I sat down on a plastic chair and folded my arms. I did some chess moves in my mind to stop myself staring back. I was playing Black, and White had just captured my only remaining rook, so it was looking difficult. We could exchange queens, but I was too much material behind to go into an endgame. I just got a bright idea – knight to bishop s
even, check – when I saw that an old man was slowly zimmering his way towards me. He was smiling, and when he got near to me he stopped and fumbled in his trouser pocket for a handkerchief, and then he began waving the handkerchief, like people used to wave things at departing ocean liners.
White’s king was just coming out of the corner and I could feel the game begin to turn round, but the old man was right by me now, so I had to look up at him. His smile was turning into a weepy kind of laugh and a tear started to roll down his cheek. ‘Henri . . .’ he babbled. ‘Henri . . .’
I shook my head. ‘Non,’ I said. ‘Louis. Je suis Louis.’
‘Ce n’est pas Henri?’
‘Non, Monsieur. Je m’appelle Louis.’
‘Je croyais que c’était Henri. Mon petit-fils.’
‘Non. Je suis desolé . . .’
‘Oh non, je vois maintenant . . .’
With great pains, he executed a three-point turn with his zimmer and slowly walked back to the place where he’d been standing. He dropped the handkerchief he’d been waving, but he didn’t notice. Other old people clustered round him, consoling him. No one picked up the handkerchief.
I got up and went out into the corridor. I couldn’t focus on my chess game any more. I hoped the day would never come when Bertie mistook some other boy for me and waved at him in a hospital day room.
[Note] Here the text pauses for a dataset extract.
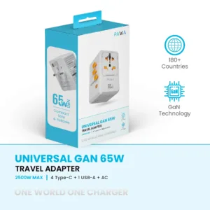 محول السفر بتقنية الجان من باوا (65 واط) | Pawa Universal Gan 65W Travel Adapter
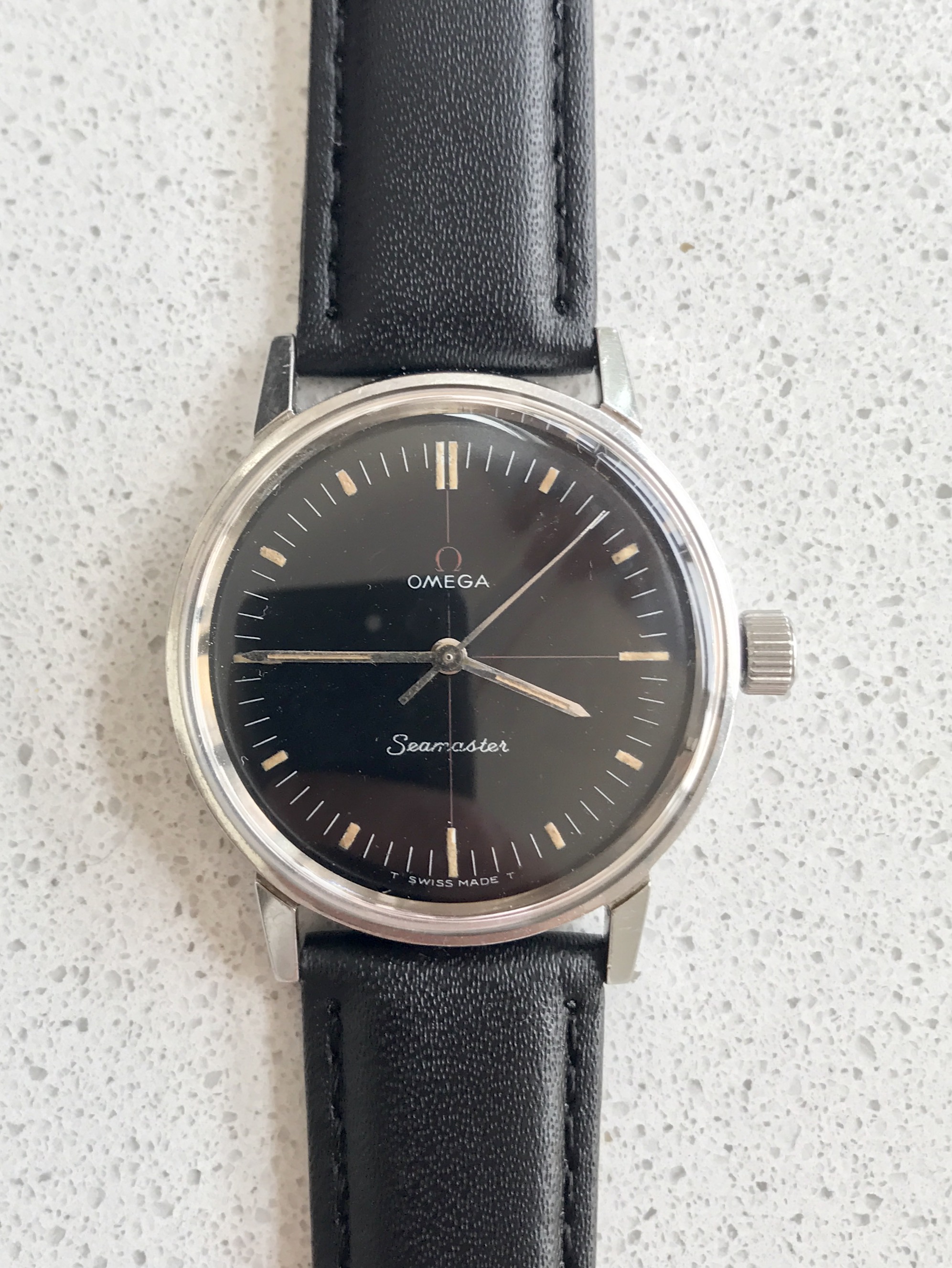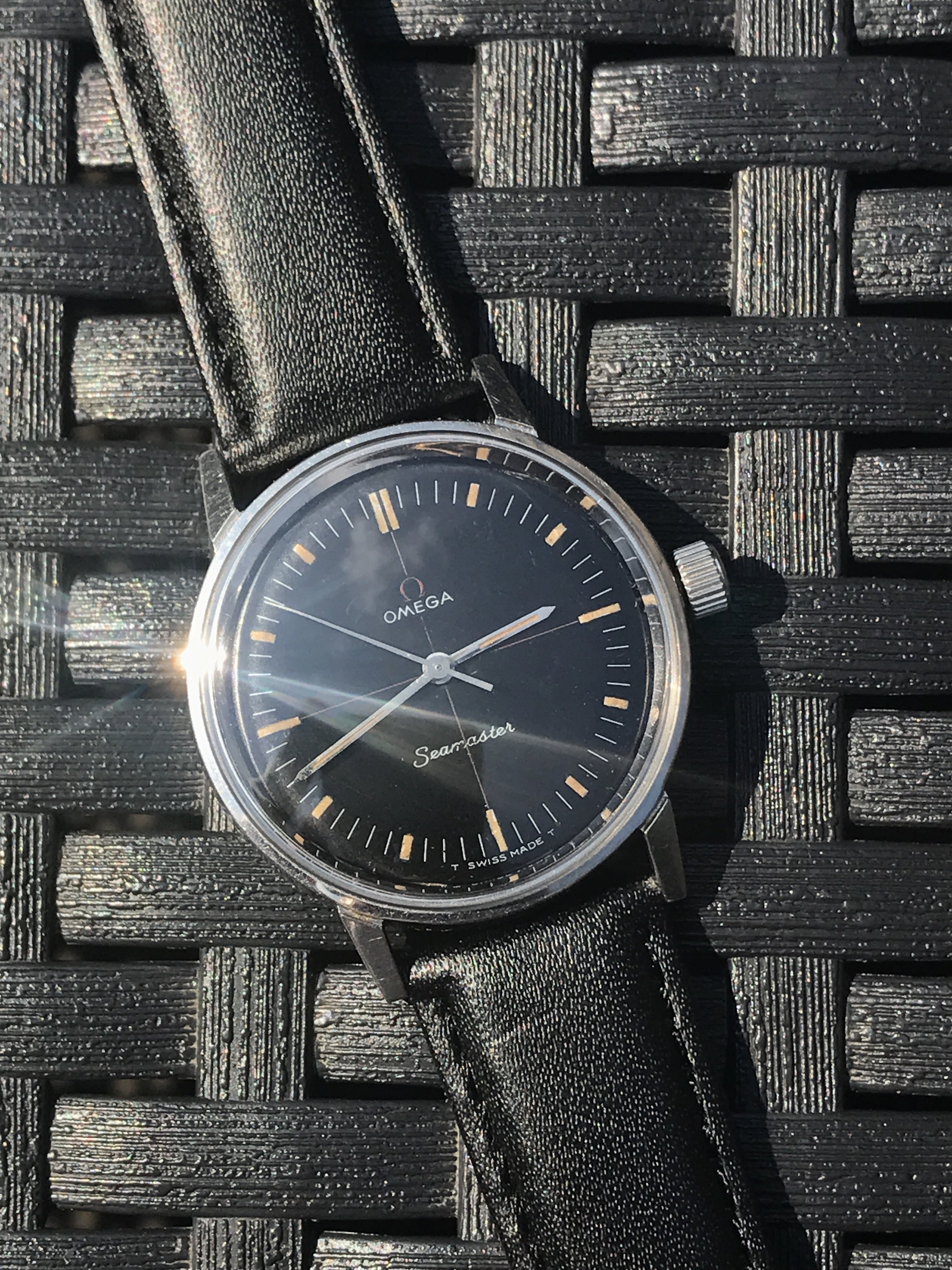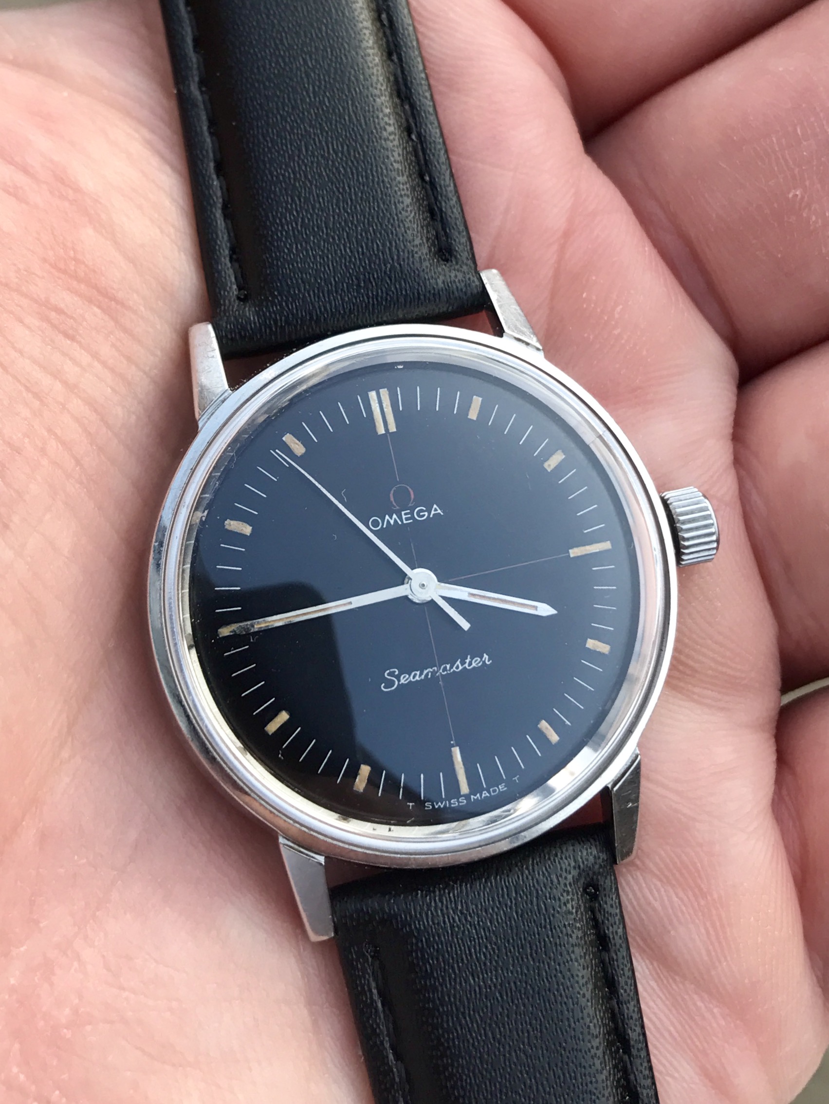 Dial - factory original black dial, not refinished or restored. Red Omega logo and crosshair. Evenly coloured lume which glows faintly under UV. Dial is not perfect with light scratch at 11 and a couple of marks around the centre. These are not particularly visible when worn. I've included several pictures of the dial under various lighting conditions to highlight these. Correct steel hands with matching lume.

I thought, you must know life has got really bad when you can’t recognise the people you love any more.
I still felt a bit weak from my night of passion, so I slumped down in the corridor, waiting for Moinel to come back. I knew I’d have to wait quite a long time. Alice had told me that when she arrived here with Valentina, no doctor was to be found for twenty minutes. In English hospitals, you could wait all night lying on a trolley before any doctor came to see you. You could probably die on the trolley and no one would notice.
Moinel returned after ten minutes. It was like he had special privileges with the staff of this hospital. A woman doctor was with him, and when they got level with me Moinel stopped and the doctor went on into the waiting area of Radiologie. ‘OK?’ Moinel said.